Web page for final project, Improved Word Alt Text, completed as part of The University of Washington course "The Future of Access Technology"

View the Project on GitHub thenorthwes/improved-word-alt-text

Improved Word Alt Text

This project’s goal is to develop a Word plug-in which modifies the default behavior in Microsoft word when an image is inserted such that the user is prompted with a dialog box that guides them to create alt text. The goal is to raise alt text awareness so it is not forgotten in a hidden menu; and suggest best practices so that alt text is high quality and contextually relevant to the image’s intended use.


Introduction: Present the promise/ obstacle/ solution for your project— What is the problem you are solving and why is it important to solve it?

Missing and/or bad alternative text for images in Office documents pose a significant challenge to users with visual impairments. Adding alt text to images is usually an afterthought for most content creators and with better and more proactive tooling, content creators will be reminded and encouraged to write better alt text more frequently thereby increasing the amount of well-described images in Office documents. Initially we were focused on creating an add-in for MS PowerPoint but the PowerPoint JS API isn’t as robust and so we pivoted to making an add-in which will work for MS Word.

The current approach to alt text in Office has 2 main problems we aim to solve with our plugin. Primarily the alt text UI is not proactive and it requires the user to manually search for it or manually use the accessibility checker. This is likely in favor of auto-opening the Design Ideas feature (in PPT) and to avoid annoying users, as accessibility does not have the importance and awareness for most users that it should. Another issue we aim to solve is that the alt text UI either lets the user do all the writing with minimal guidance, or generates a totally automated caption, regardless of context of document. Either the latest research around how to write good alt text just hasn’t made its way into the user interface yet, or they wanted to keep the guidance as simple as possible. We aim to improve the prompt about writing good alt text by reccomending best practices from reputable best practices we identify.

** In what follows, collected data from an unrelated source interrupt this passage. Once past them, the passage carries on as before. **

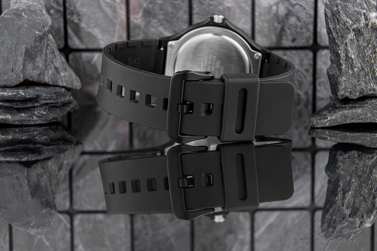 Pasek resinowy jest bardzo lekki, zapewniając komfort w codziennym użytkowaniu, zwłaszcza w przypadku aktywności fizycznej. Materiał żywiczny jest odporny na uszkodzenia mechaniczne, takie jak pęknięcia czy złamania, co czyni go idealnym wyborem do zegarków przeznaczonych do intensywnego użytkowania. Resin jest odporny na wilgoć, działanie wody, a także na zmiany temperatury, co sprawia, że paski te doskonale sprawdzają się w trudnych warunkach. Paski resinowe są łatwe do czyszczenia - wystarczy przetrzeć je wilgotną ściereczką, aby usunąć zabrudzenia.
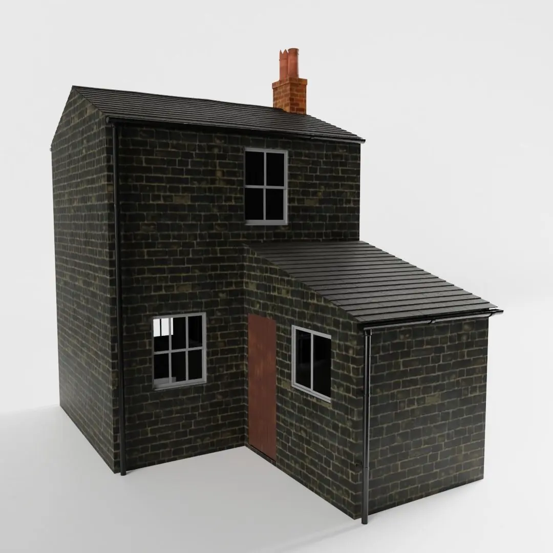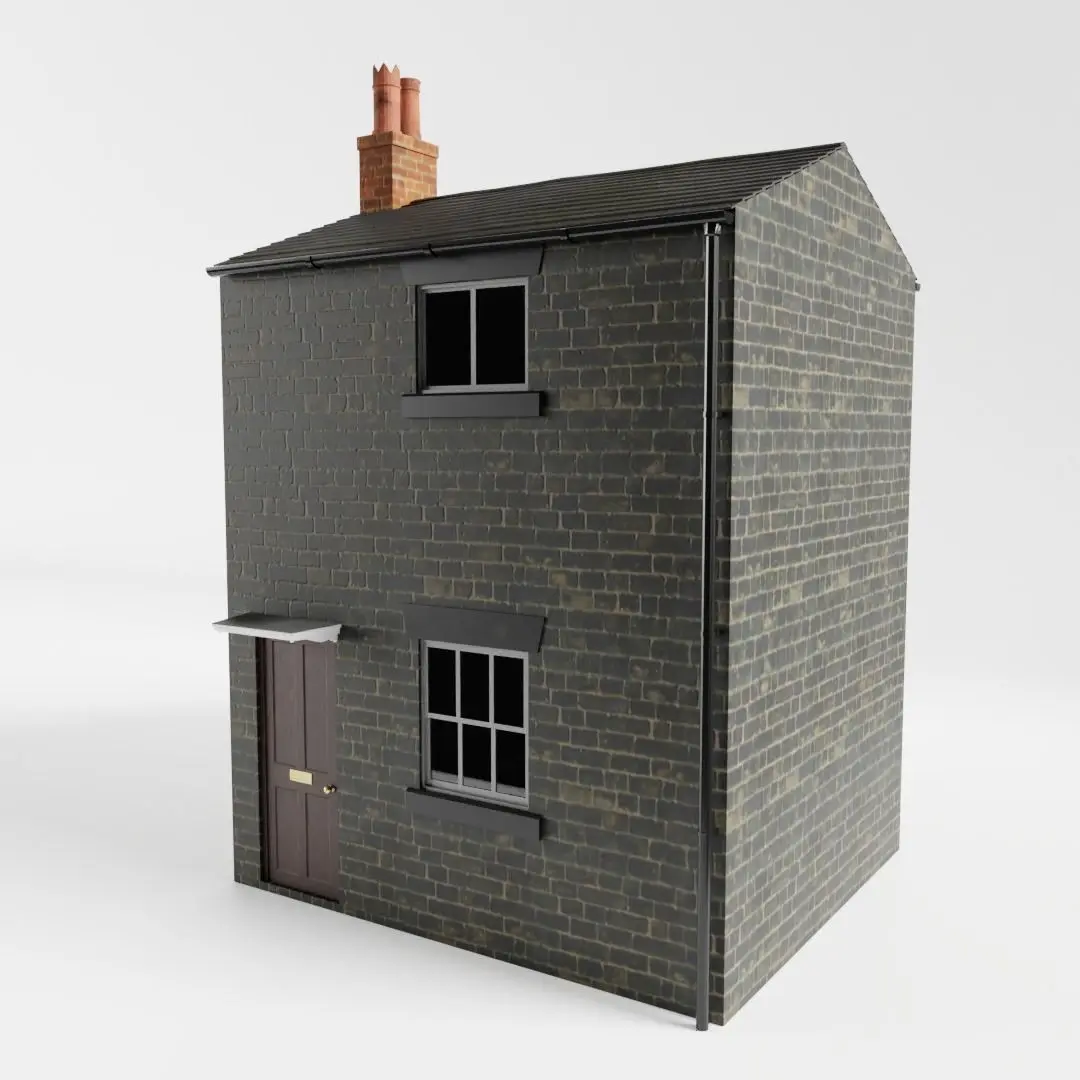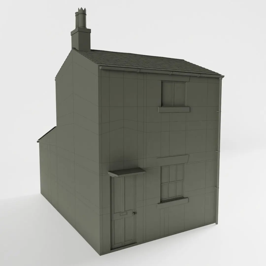 The model has real world scale and measures approximately 5.77 m in depth, 3.55 m in length and 5.52 m in height. Only the outside of the house is detailed, but the walls are solid.
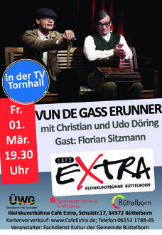 Karten erhalten Sie im Online-Ticketshop ztix über www.cafeextra.de oder direkt beim Veranstalter, Gemeinde Büttelborn, Fachdienst Kultur, Tel. 06152 1788-45.
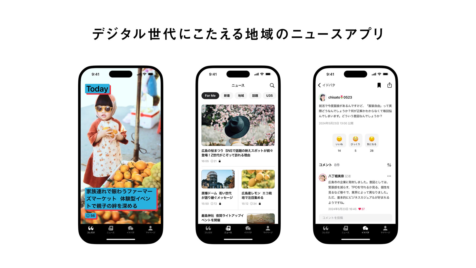 「みみみ」は、地方新聞社の強みである地域に根差した報道力を生かし、デジタル世代の関心に合わせたニュース体験を提供するアプリです。スキマ時間にニュースを見て楽しむ「コレだけ」機能や、意見や質問を投稿できる「イドバタ」機能などを搭載。デジタル世代が気軽に触れて、興味があるものを深掘りできるようデザインしています。

Our solution to overcome these obstacles is to build an Office add-in that users can add to their installation of Office in the web and their installed product. The add-in would work as a replacement for the existing Alt text UI.When a user adds an image to their document, the add-in would automatically open the task pane and prompt them to add alt text for the image. The add-in would guide the user to writing good alt text based on the contents and context of the image, using category-based guidance (people, chart/figure, landscape, etc.). The user can expand their chosen category and read detailed guidance in the pane. This will improve upon the current experience, which provides static guidance for every image.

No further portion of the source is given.